23.07.2012 7043

«Базаровщина» и «хлестаковщина» как бесовские черты характера Петра Верховенского

 

Образ «революционера-нигилиста», главаря бесов, Петра Верховенского получился несколько комичным, несмотря на то, что многие данные процесса «нечаевцев» были воспроизведены в романе почти с протокольной точностью. Герой сам говорит о себе, что он «мошенник». В процессе речи он умышленно запутывает собеседника: «Я решил окончательно, что лучше всего говорить именно по бездарному, то есть много, много, много, очень торопиться доказывать и под конец всегда спутаться в своих собственных доказательствах, так чтобы слушатель отошел от вас без конца, разведя руки, а всего бы лучше плюнув. Выйдет, во-первых, что вы уверили в своем простодушии, очень надоели и были не поняты - все три выгоды разом!» Так образ Петра Верховенского в романе невольно, почти вопреки замыслу автора, обрел черты бессовестного и бесчестного интригана, чудовища подлости и себялюбия, проходимца и карьериста. «И все эти черты бесовства Достоевский обобщенно приписывает типичному русскому революционеру 1860-70-х годов. В этом произведении Достоевский теперь уже прямо связывает «розовый» социализм и революционный нигилизм: Степана Трофимовича и Петра Верховенских, хотя и подчеркивает, что первый намного шире и привлекательнее (например, Степан Трофимович Верховенский преклоняется перед красотой «Сикстинской Мадонны» и считает, что «сапоги ниже Пушкина, и даже гораздо». В этом протест против утилитаризма)».

В ранних набросках Достоевского к роману «Бесы» Петр Верховенский задуман под условным именем Студент. Ю.Ф. Карякин подметил, что «Основные герои романов Достоевского - почти все очень молоды (между 1927 годами), почти все студенты, бывшие или будущие. Говорить «как студент со студентом» - это у него даже какой-то пароль человеческих отношений, пароль открытости, братства между «людьми одного безумия»«.

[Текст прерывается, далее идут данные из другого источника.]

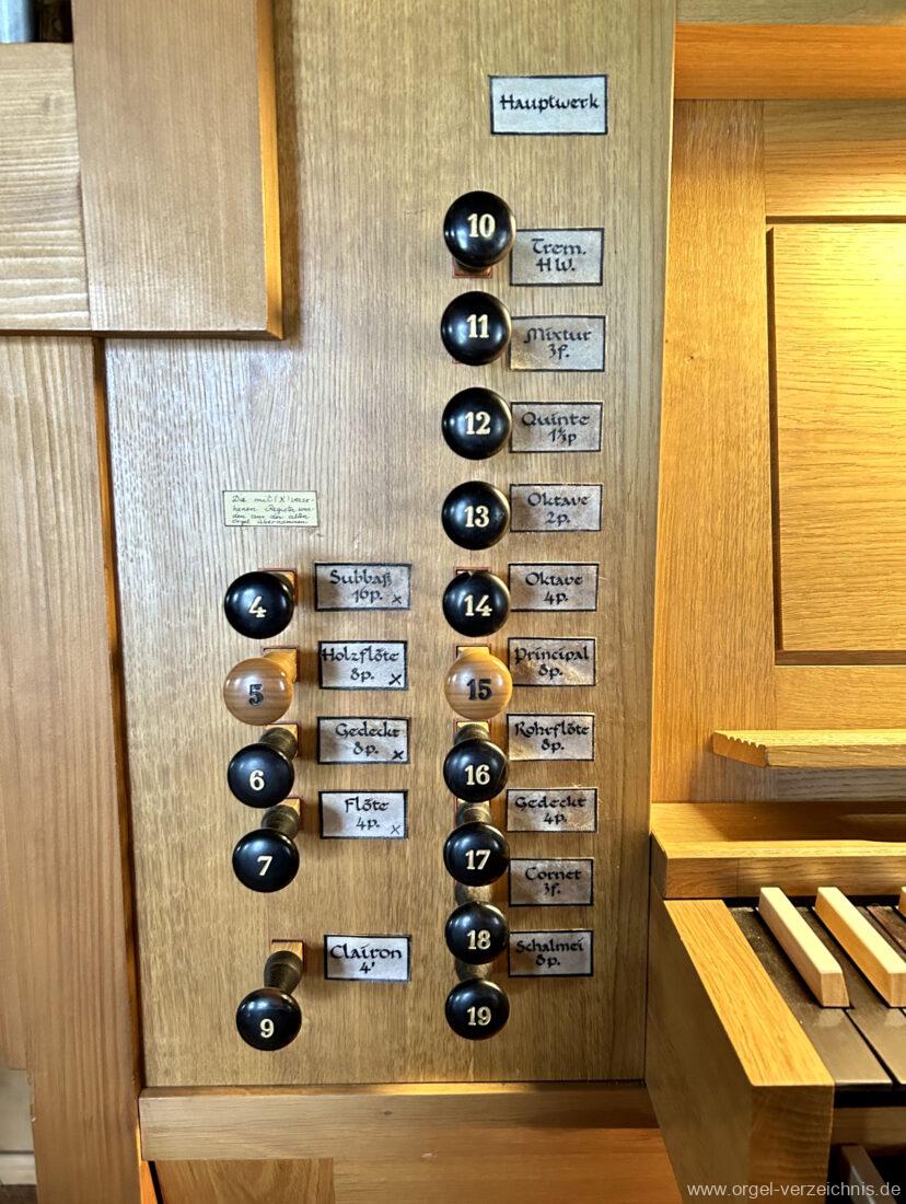 Linke Seite innere ReiheTrem. HW. Mixtur 3f. Quinte 1 1/3p Oktave 2p. Oktave 4p. Principal 8p. Rohrflöte 8p. Gedeckt 4p. Cornet 3f. Schalmei 8p.
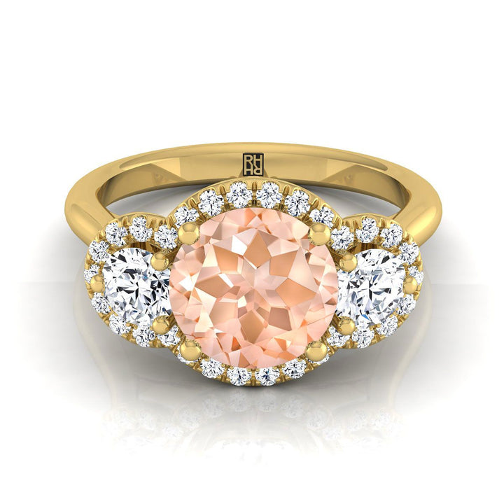 18K Yellow Gold Round Brilliant Morganite French Pave Diamond Three Stone Engagement Ring -1/2ctw
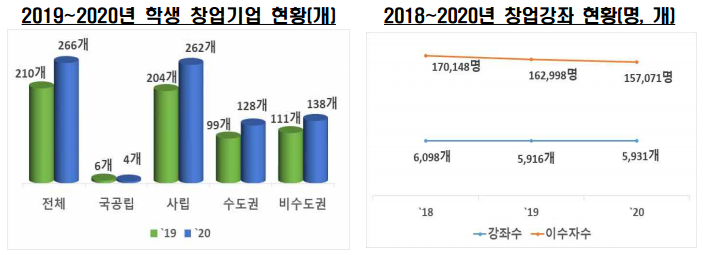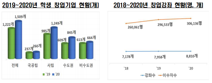 2020년 창업강좌 수는 8,810개로 2019년(7,958개)보다 10.7% 증가했고, 창업강좌 이수자 수는 306,136명으로 2019년(296,533명)보다 3.2% 증가했다.
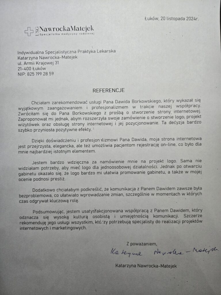 Poniżej przedstawiamy pisemne referencje od naszych klientów.
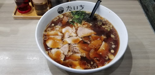 台風直撃の大雨の日曜日に伺いました。 長野市から下道3時間30分・・・・・ 11時30分到着。 この雨にも関わらず店内は満席、待合所に14名、店の外に10名並んでる。 普通だったら並ばないけど、なにせ「たいち」のラーメンの為に長野市から来たからね(笑 並び始めてからラーメンが出てくるまでに丁度40分。 この回店の速さ及び段取りの良さは流石です!

Петр Верховенский - это, по замыслу автора, «нигилист самой грубой формации, из-под вульгарной маски которого как бы проступают черты Базарова, точнее, базаровщины», резко заостренные и окарикатуренные. Таким мы видим нового нигилиста-бесенка в романе Достоевского: «Он ходит и движется очень торопливо, но никуда не торопится. Кажется, ничто не может привести его в смущение; при всех обстоятельствах и в каком угодно обществе он останется тот же. В нем большое самодовольство, но сам он в себе его не примечает нисколько». Да и сама программа нигилистического отрицания у студента приобретает карикатурные формы. Рисуя одержимость адскими силами своего нигилиста в романе «Бесы», Достоевский сочетает в нем черты базаровщины и хлестаковщины. Из-за этого образ снижается, предстает пародийно-комичным. Достоевский был намерен изобразить первоначально «хлестаковское» появление Студента в городе. Этот замысел первого «хлестаковского» выхода Петра Верховенского сохранен в окончательной редакции романа: «Ну, вот этот-то молодой человек и влетел сейчас в гостиную, и, право, мне до сих пор кажется, что он заговорил еще из соседней залы и так и вошел говоря». Казалось бы, никто не будет воспринимать этого простофилю всерьез. «Хлестаковых революции, - писал Бердяев, - легче различить, чем Верховенских, но и их не все различают, и толпа возносит их и венчает славой». В портрете Верховенского-младшего, в его неожиданном появлении, в его вдохновенно-лживой импровизации, когда он распространяет сплетни о главном герое романа (Николае Ставрогине) и сопутствующем ему образе (Хромоножке) несомненно, много хлестаковского. На протяжении всего действия романа Петр Верховенский часто пользуется маской наивного, грубовато-простодушного и болтливого человека, неизвестно откуда появляющегося («как с луны свалился»), чтобы одурачивать окружающих в своих целях, а порой и без цели, по привычке «хлестаковского» характера. Но под маской наивного болтуна уже скрывается потенциальный убийца и политический карьерист.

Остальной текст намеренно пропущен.